Northup (Ejiofor) and Epps (Fassbender)
If your reference in movies about slavery is Gone with the wind or The Colour Purple, well, forget about them, but if you want to know what really meant to be a black slave in the United States of America around 1840, well, this is the right movie for you. As it was the case for his previous films, McQueen is not here to gild the pill. Slavery is a shameful stain on American history, and it will always be. No matter what. This a story of rage, of survival, of dignity. McQueen shows it with his particular way of filming: very rigorous plans, scarce music, no useless scene, no-frills. He goes to the core of the story, straight away, without even giving you a chance to escape. Furthermore, this is not, at all, a heroic kind of movie. Northup is not better than any other slave. He is just more cultivated than they are. Which is a minus, not a plus, in a situation like this. The less you know, the less you feel, the better it will be for you. Northup is speechless, as we are, witnessing the misery, the cruelty, the non-sense of the whole situation. He is not brave, he is barely able to survive, keeping a feeble hope to go back to life and human condition.
Epps (Fassbender), Patsey (Nyong'o) and Northup (Ejiofor)
McQueen should be also complimented for the incredible cast he has been able to assemble. This is the best cast of the year: to play Solomon, he has chosen a great but underestimated (until today, I hope) British actor, Chiwetel Ejiofor, whose performance is absolutely astonishing. It could have been so easy to overdo to play this character, but Ejiofor follows the path of a perfect understatement. In the role of a female slave, the newcomer Lupita Nyong’o, an actress from Kenya, grab you heart and never let it go, becoming pretty quickly unforgettable. Also actors having minor roles here are unforgettable: Paul Giamatti as the pitiless slaves seller, Paul Dano as the awful slaves manager in one of the plantations, Benedict Cumberbatch as a more human plantations owner, and Sarah Paulson as the cruel wife of Mr. Epps, the last owner of Solomon. To play Edwin Epps, the bad, bad guy of the story, McQueen turned to his acteur-fetiche, the German-Irish actor Michael Fassbender, proven that their relationship will be remembered as the Scorsese-De Niro liaison of modern time. Fassbender, perfect Southern accent and eyes injected with the red of hanger and booze, is a strange kind of persecutor: tortured by his feelings for a black slave, he is struggling in a more human way than expected.
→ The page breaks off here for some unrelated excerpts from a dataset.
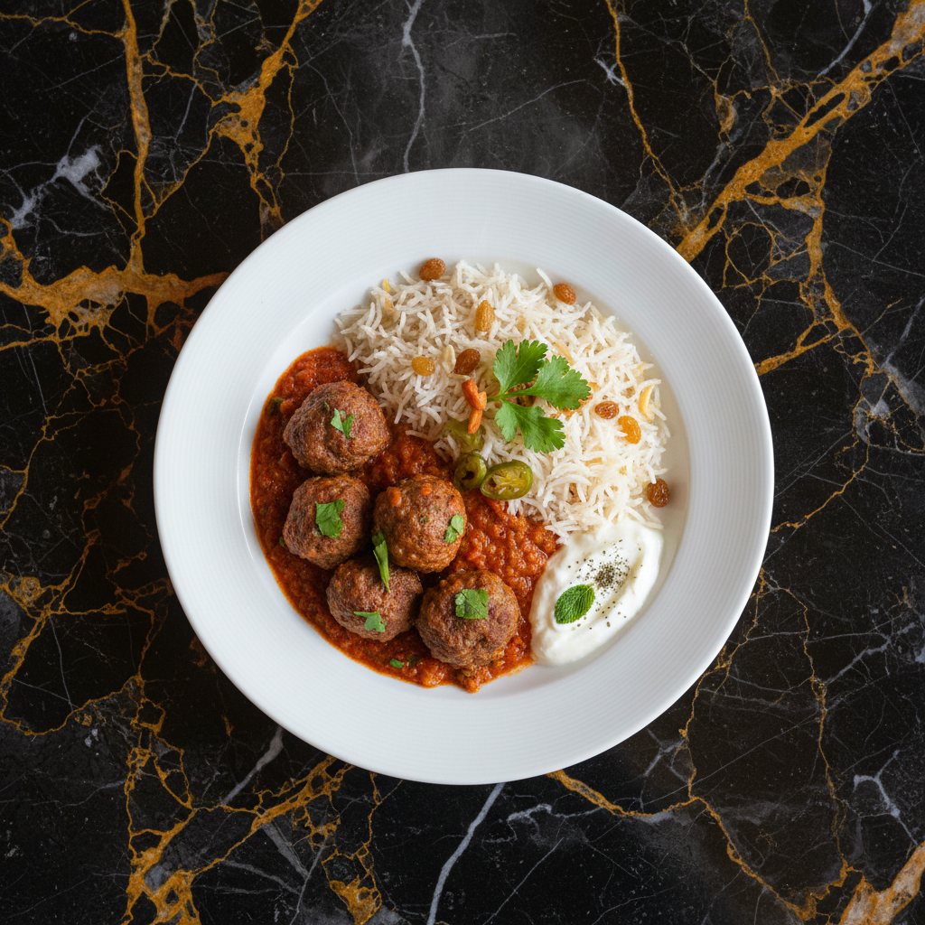 A flavorful dish of lamb meatballs simmered in a rich tomato and onion sauce, traditionally served with fluffy basmati rice. This comforting meal highlights the savory depth of Afghan cuisine.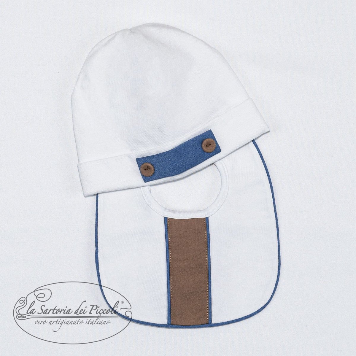 Coordinato cappello e bavetta in puro cotone, bianco con delicati dettagli beige e blu. Un set pratico ed elegante, ideale per completare con stile il look del tuo neonato.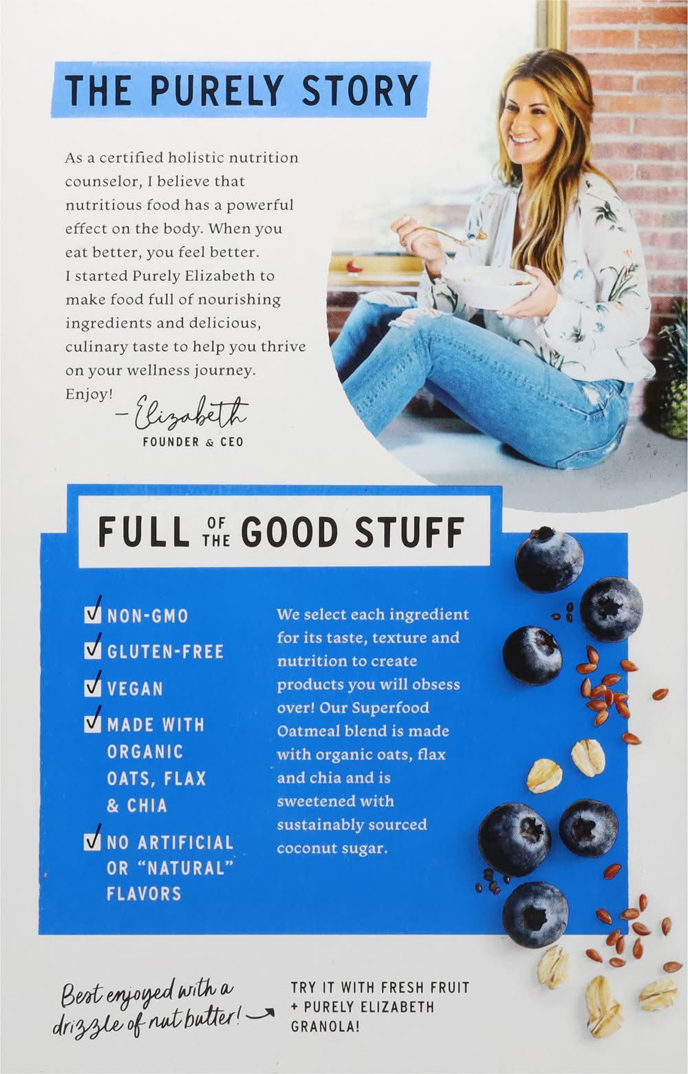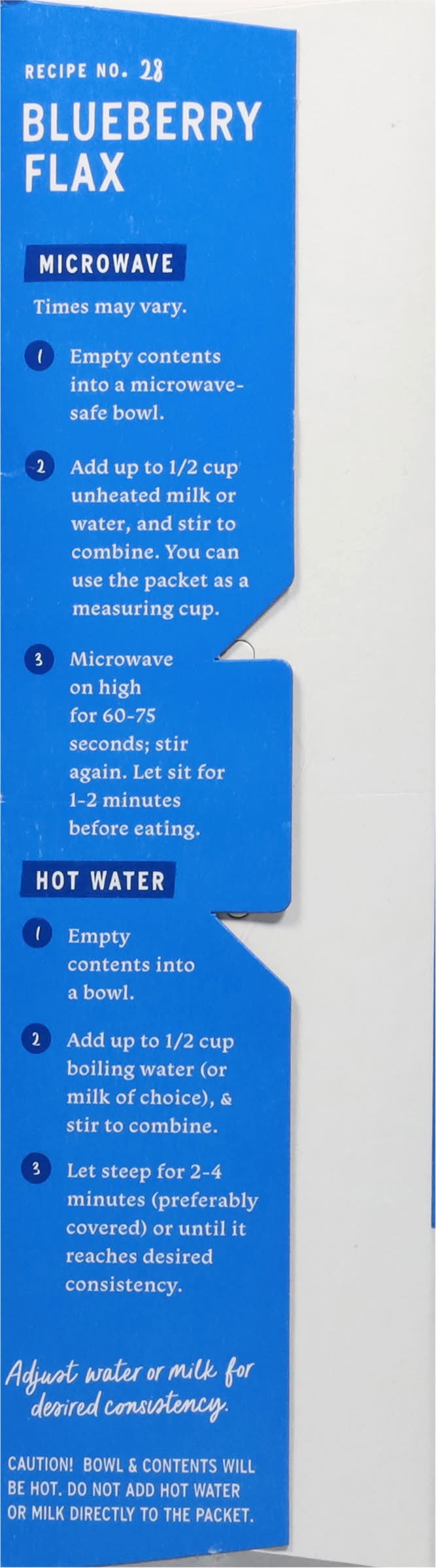 Microwave: times may vary. 1. empty contents into a microwave- safe bowl. 2. add up to 1/2 cup unheated milk or water, and stir to combine. you can use the packet as a measuring cup. 3. microwave on high for 60-75 seconds; stir again. let sit for 1-2 minutes before eating. hot water: 1. empty contents into a bowl. 2. add up to 1/2 cup boiling water (or milk of choice), & stir to combine. 3. let steep for 2-4 minutes (preferably covered) or until it reaches desired consistency. adjust water or milk for desired consistency. caution! bowl & contents will be hot. do not add hot water or milk directly to the packet. try it with fresh fruit + purely elizabeth granola!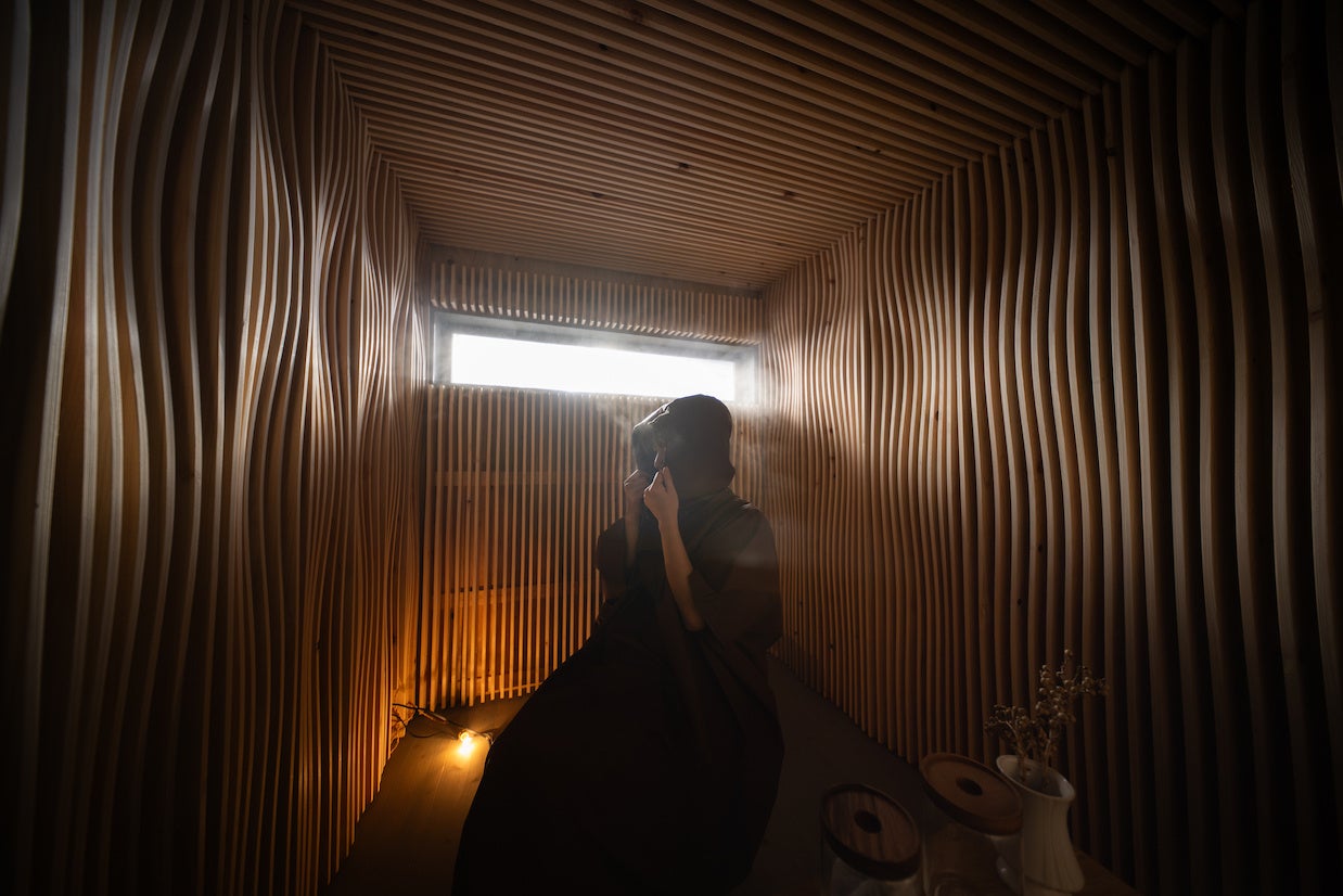 デジタルCADで精巧にカットされたヒノキが生み出す、温もりとアートが融合した特別な空間。

This is what great actors manage to do: you want to hate them but in the end you feel sorry for them… 
The only feeble point in this chain of fabulous actors is, as usual, Brad Pitt: having the charisma of an artichoke, his 5 minutes on screen are simply soporific.
Bass (Brad Pitt)
The UGC Les Halles, the cinema where the avant-première was taking place, informed people buying tickets on their site that Steve McQueen would have been present to the screening. When the film was over, a couple of people arrived, announcing a “big surprise”: McQueen couldn’t make it, but the two main actors, Chiwetel Ejiofor and Lupita Nyong’o, were there. I guess that the audience was still so shaken by the movie, that seeing in flesh and blood the two actors was kind of an emotional shock. Ejiofor and Nyong’o were welcomed by a standing ovation and a long, long and big applause, and they were sincerely overwhelmed, looking at each other in disbelief.
Nyong'o and Ejiofor at the screening in UGC Les Halles, Paris - December 10
Well, I want to use this image, so simple but powerful: real feelings created by fictional scenes, to wish you a Merry Xmas, dear readers.
I hope it will be as human as possible!